** Opening PROVIDED DATA block **

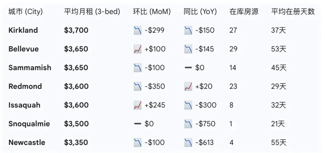 Kirkland以 $3,700 的平均租金成为本月的“身价冠军”。虽然环比有所回落,但其库存(27套)相对充裕。Bellevue的租金本月逆势小幅反弹 $100,显示出极强的抗压能力。值得注意的是,Bellevue的平均在库天数高达53天,说明房东们在租金上虽有坚持,但租客的决策周期正在变长。
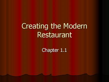 Creating the Modern Restaurant PowerPoint PPT Presentation
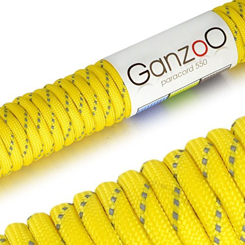 Reflective Universal Survival Rope Made of tear-resistant Parachute Cord/Paracord 550 Core Rope Nylon, 550lbs, Total Length 31 Meters (100 ft) Colour: Yellow Please note: This Paracord Rope is not suitable for Climbing - Ganzoo by Ganzoo
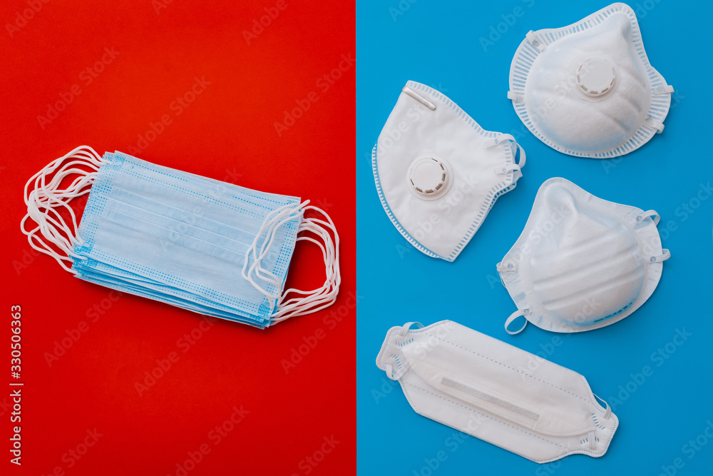 White variety mask respirator on a blue background. The face mask protects against environmental pollution, flu viruses and coronavirus.
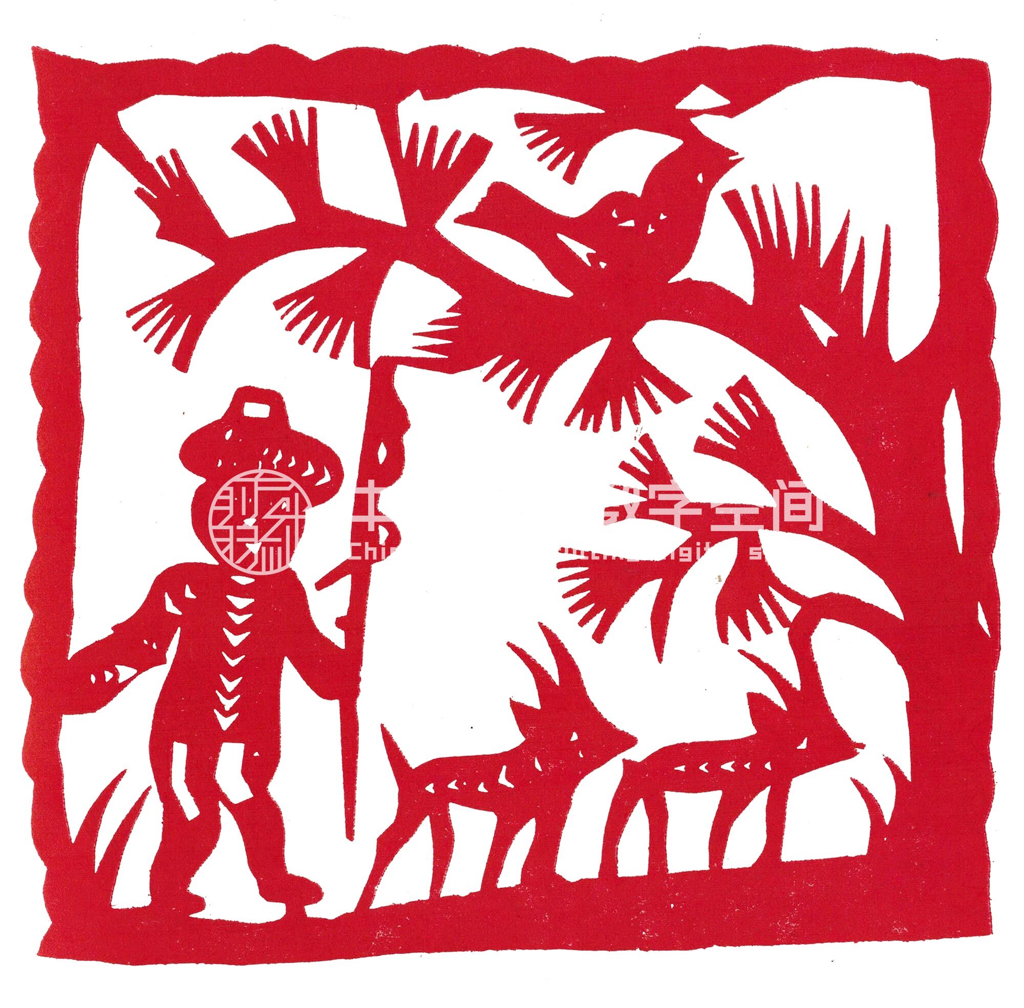 他走到哪里,儿童、姑娘鱼贯相随,吃过百家饭用过万家剪,走遍淮河流域,剪出各种花样、喜字、寿花多不胜计。他的作品质朴、乡土,个人风格鲜明。
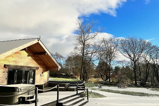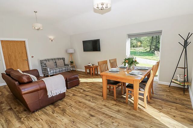 A sleek shower room with walk-in shower, basin and WC completes the interior, while LPG underfloor heating ensures the lodge stays warm and welcoming year-round. Step outside to a private decking area furnished for outdoor dining, along with a hot tub for evening soaks beneath the stars.
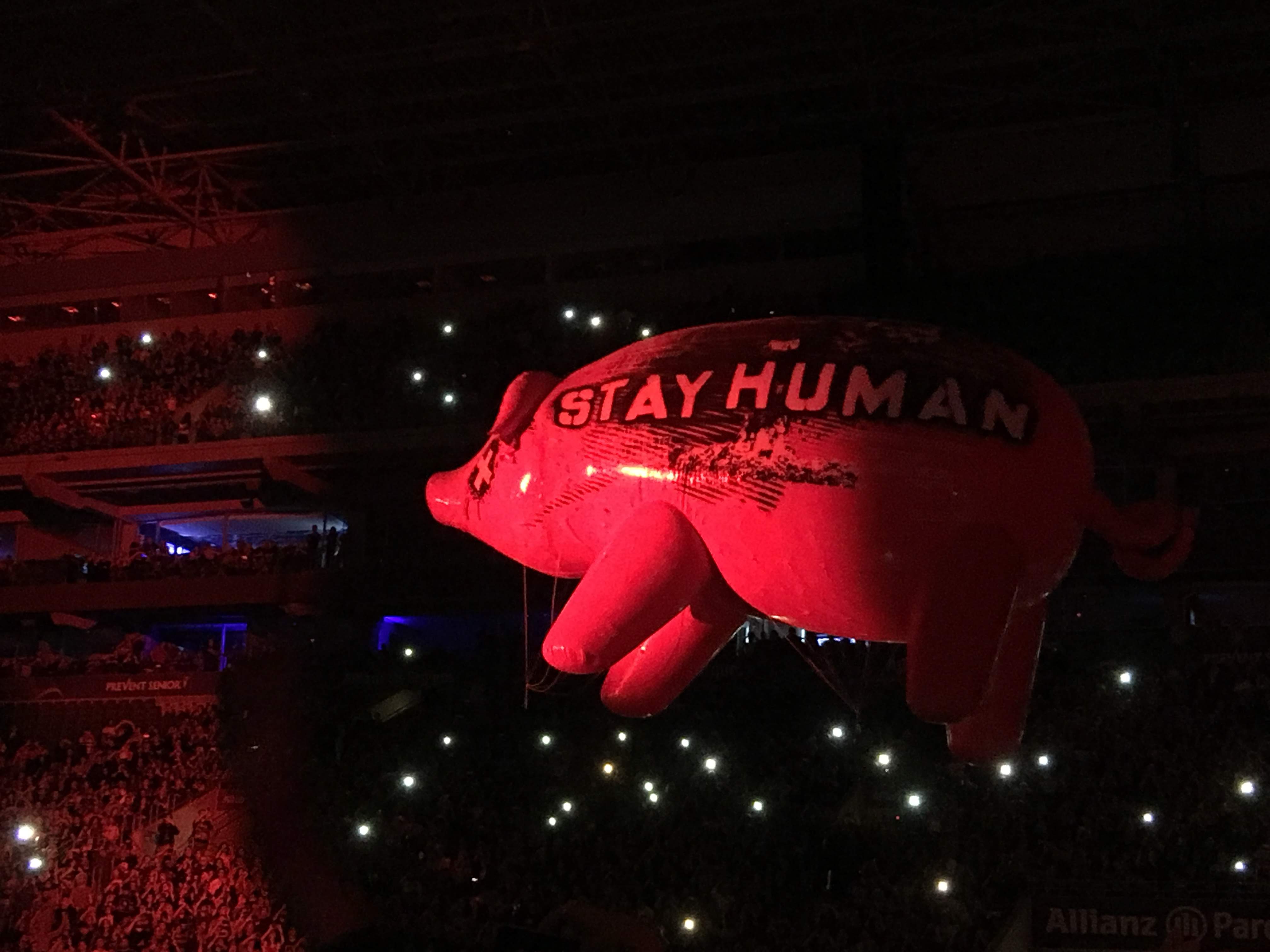 Na segunda parte do show, destaque maior para os recursos imersivos, como em “Dogs”, com os sons de latidos ecoando pelo sistema de som em todo o Allianz Parque. Em “Pigs”, o palco foi transformado numa usina, com direito a quatro enormes colunas imitando chaminés.

** Closing PROVIDED DATA block **

* **EXERCISE OBJECTIVE**
Print, exactly and with no pictures, the lines of the listing above starting at the one that has "他走到哪里,儿童、姑娘鱼贯相" and ending at the one that has "A sleek shower", both included.

* **THE ANSWER**
 他走到哪里,儿童、姑娘鱼贯相随,吃过百家饭用过万家剪,走遍淮河流域,剪出各种花样、喜字、寿花多不胜计。他的作品质朴、乡土,个人风格鲜明。
 A sleek shower room with walk-in shower, basin and WC completes the interior, while LPG underfloor heating ensures the lodge stays warm and welcoming year-round. Step outside to a private decking area furnished for outdoor dining, along with a hot tub for evening soaks beneath the stars.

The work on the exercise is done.